Public awareness of social support systems is essential. Single parents who struggle to make ends meet despite long working hours, elderly people whose pensions barely cover basic living expenses, or families who have to count every cent—they are not silent by choice, but because they are forced into quiet submission. Their silence is not an absence of speech but an involuntary muteness—a quiet appeal to a society that has grown so comfortable in its affluence that it overlooks its most vulnerable members.

People with disabilities encounter another form of silence—the silence born of an inability to meet them on equal terms. Often, they are overlooked not out of malice but due to deeply ingrained ignorance or shame. Their voices, which call for accessibility, respect, and recognition, often fall on deaf ears. Yet, in a world that uses «inclusion» as a buzzword, their perspectives and talents remain an untapped resource for innovation and humanity.

...and these are just a few examples.

This silence is not passive. It is not an empty quiet but a mute call to action. A society that deprives itself of the voices of the quiet deprives itself of its own reality. The question is not whether we can hear them, but whether we are willing to accept their truths, even if they are uncomfortable—or simply different.

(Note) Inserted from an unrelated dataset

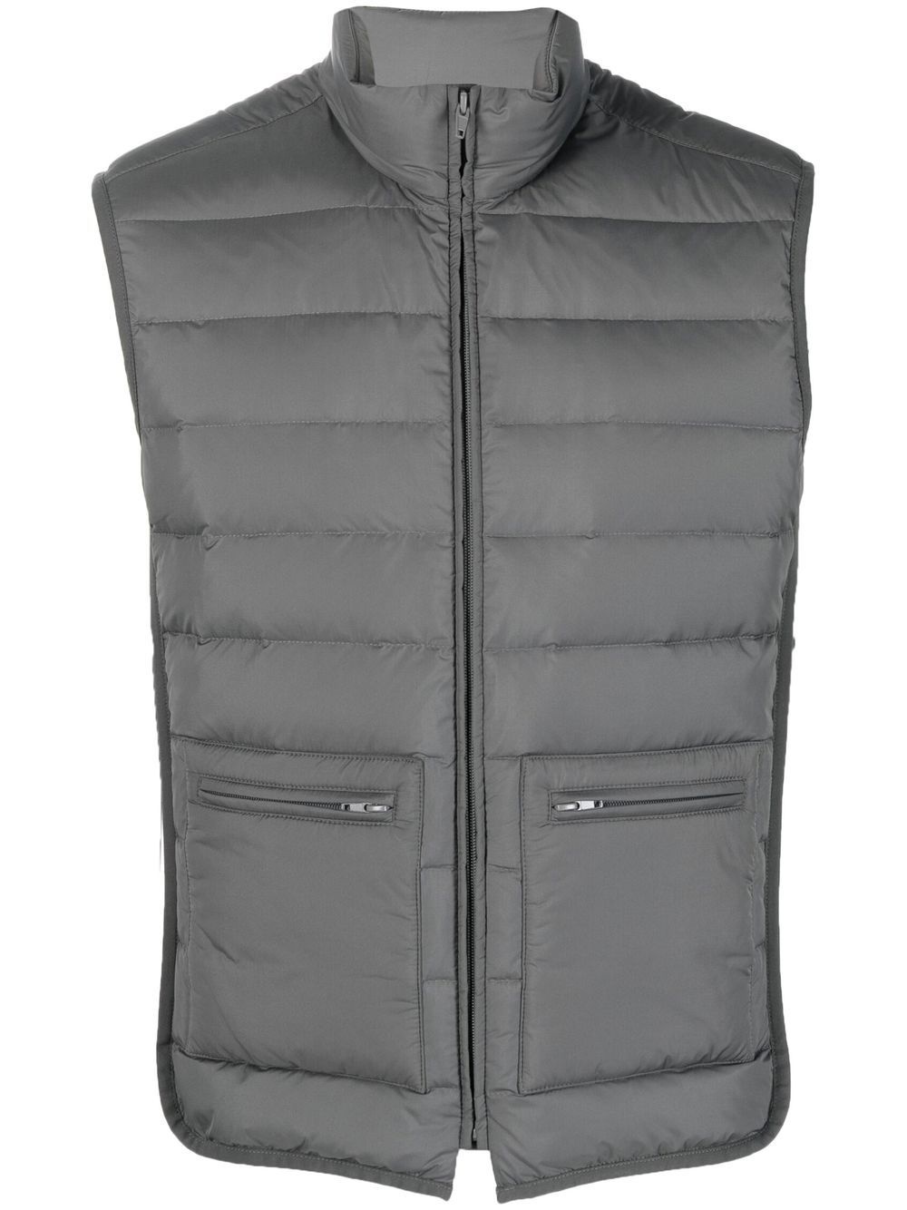 down-feather padded gilet Thom Browne transfers their polished aesthetic into a practical piece in this down feather-filled grey padded gilet. The refined design is injected with the brand's signature house codes, seen in the grosgrain loop tab to the rear and striped detailing at the sides. Highlights - Grey - Down-feather filling - Signature grosgrain loop tab - Quilted - Front zip fastening - Front zip fastening pockets - Sleeveless - Side stripe detailing - Curved hem Made in Italy Composition Lining: Feather Down 100%, Polyester 100% Outer: Polyester 100% SIZE & FIT Model measurements Height 6 ft 2 in(1.87 m) Bust/Chest 36.41 in(92.5 cm) Hips 37 in(94 cm) Waist 29.52 in(75 cm) Measurement CHEST 41.73 in(106 cm) LENGTH 25.19 in(64 cm) WAIST 40.15 in(102 cm) FittingInformation Designed for a slim fit, offering a comfortable fit that sits just away from the body Made from a padded non-stretch fabric, giving it no natural elasticity This piece fits true to size – take your usual size Washing instructions Dry Clean Only

It is not enough to feel compassion or utter beautiful words about justice. It takes active effort to turn the microphones toward those we have ignored for too long. If the «Silent Voices» continue to be overlooked, we will build a future on a foundation that will not hold. But if we listen, we can create a society that is not only more diverse but also fairer and more sustainable. True strength lies not in the loudness of power but in the ability to hear the silence and thus understand.

Final thoughts

Silence is never just silence. It is the echo of our decisions, the consequence of our priorities. And the longer we fail to listen, the louder the silence becomes. It is not enough to notice the «Silent Voices»; we must actively listen to them. Because a society that ignores its quiet voices will eventually silence itself.

The University of Applied Sciences of the Grisons (FH Graubünden) strives to be a space where all perspectives and opinions are welcomed and heard. Through dialogue and inclusion, we can grow together and make the university a place where everyone can thrive.